Single-nanoparticle detection using quasi-bound states in the continuum supported by silicon metasurfaces

TL;DR

This paper demonstrates a silicon metasurface sensor capable of detecting single nanoparticles by exploiting quasi-bound states in the continuum, achieving high sensitivity and enabling single-molecule biosensing.

Contribution

The authors introduce low-contrast BIC metasurfaces that enable single-nanoparticle detection with high Q-factors, overcoming previous limitations in local refractive index sensing.

Findings

Achieved a Q factor of 4.5 x 10^4 in heavy water.

Detected step-like resonance shifts from 100 nm nanoparticles.

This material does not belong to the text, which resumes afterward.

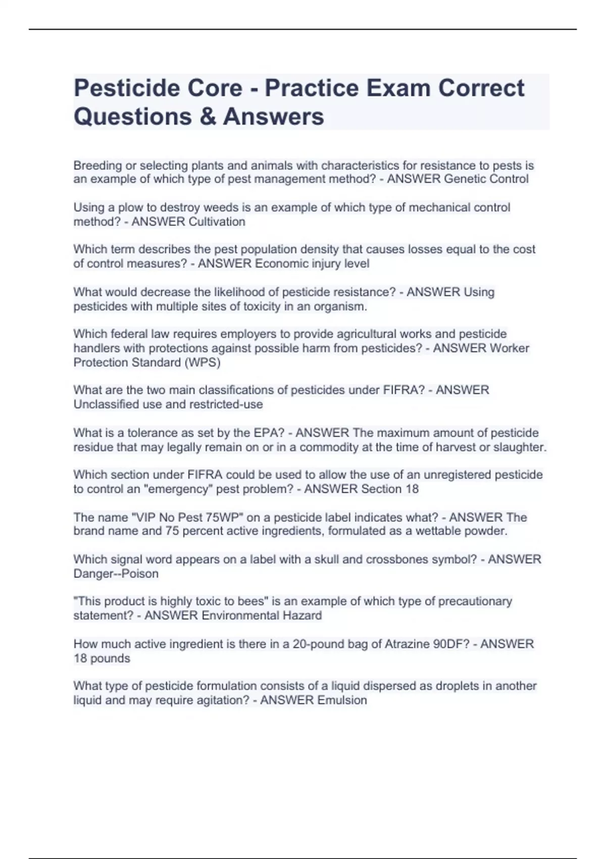 Pesticide Core - Practice Exam Correct Questions & Answers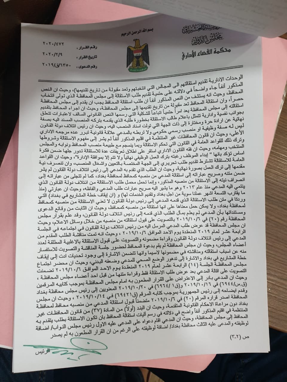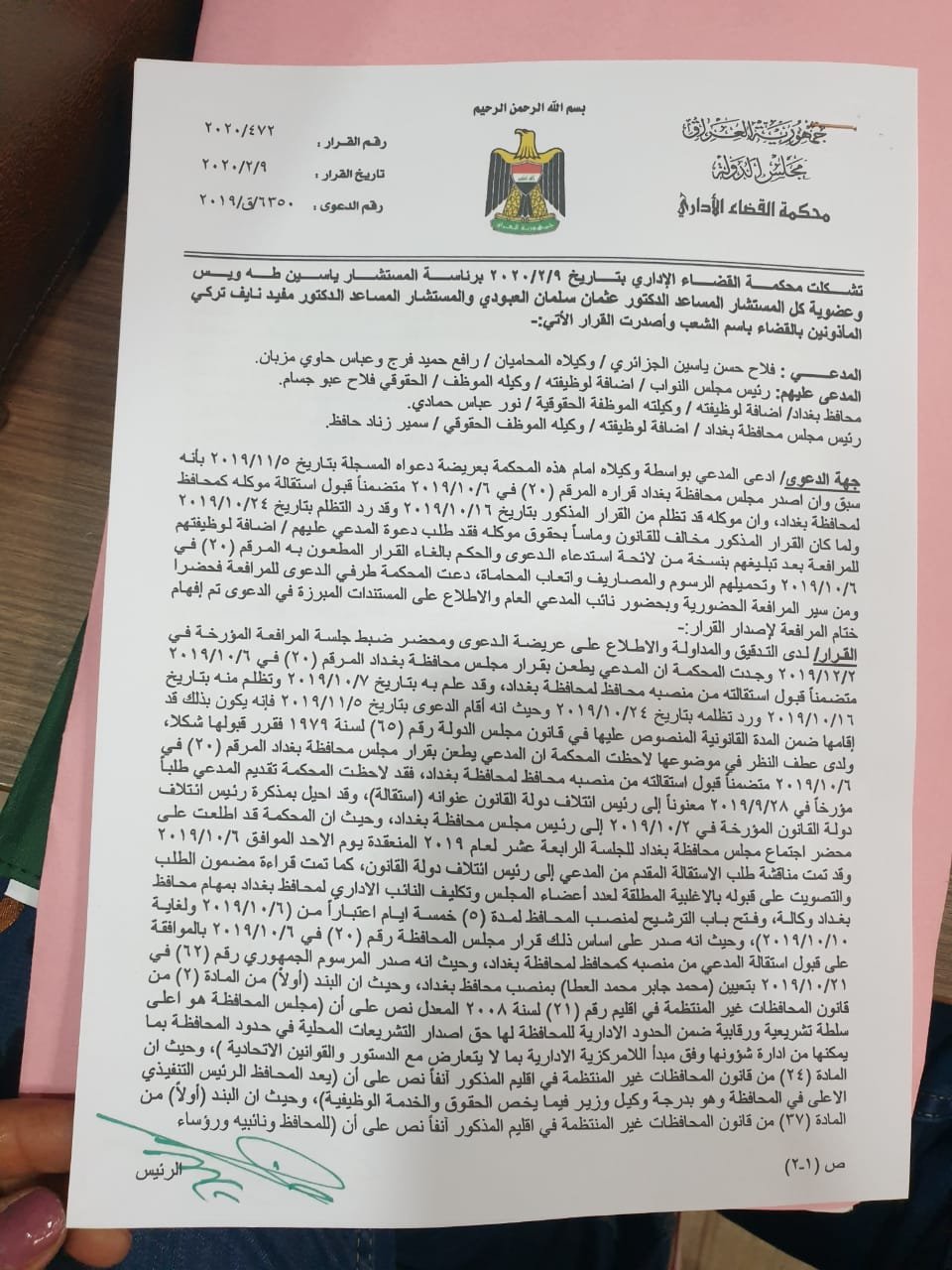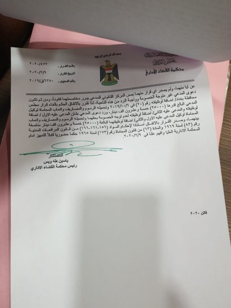 وبحسب الوثائق ادناه فأن "المحكمة اعتبرت ان تصويت مجلس محافظة بغداد على استقالة المحافظ فلاح الجزائري غير قانونية".

Modified resonance linewidth and amplitude for single-particle sensitivity.

Abstract

The detection of single particles or molecules represents a critical milestone in the development of biosensing technologies. Recently developed optical sensors based on quasi-bound states in the continuum (qBICs) have primarily focused on detecting global refractive index changes, aiming to simultaneously enhance both refractive index sensitivity and quality ($Q$) factors. However, sensors capable of resolving local refractive index perturbations, such as the binding of a nanometer-sized molecule on a surface, remain elusive and have not yet been demonstrated in BIC geometries due to the limited $Q$ factors and relatively large mode volumes. Here, we demonstrate low-contrast BIC metasurfaces that can perform sensing with a virus-sized single-nanoparticle resolution. The qBIC resonance operating at the critical coupling condition exhibits an experimental $Q$ factor of 4.5 x 10$^4$ in heavy water. The strong interaction between the localized electric field and polystyrene nanoparticles with a diameter of 100 nm enable the experimental observation of step-like resonance wavelength shifts, serving as signatures of individual particle binding events. Furthermore, binding-induced modifications to the qBIC resonance alter the optical confinement and asymmetry factor, inducing changes not only in the resonance wavelength but also in the linewidth and amplitude with single-particle sensitivity. Combined with position-insensitive response and free-space accessible features, low-contrast BIC metasurfaces provide a user-friendly platform for next-generation single-molecule sensing integrated with microfluidic systems.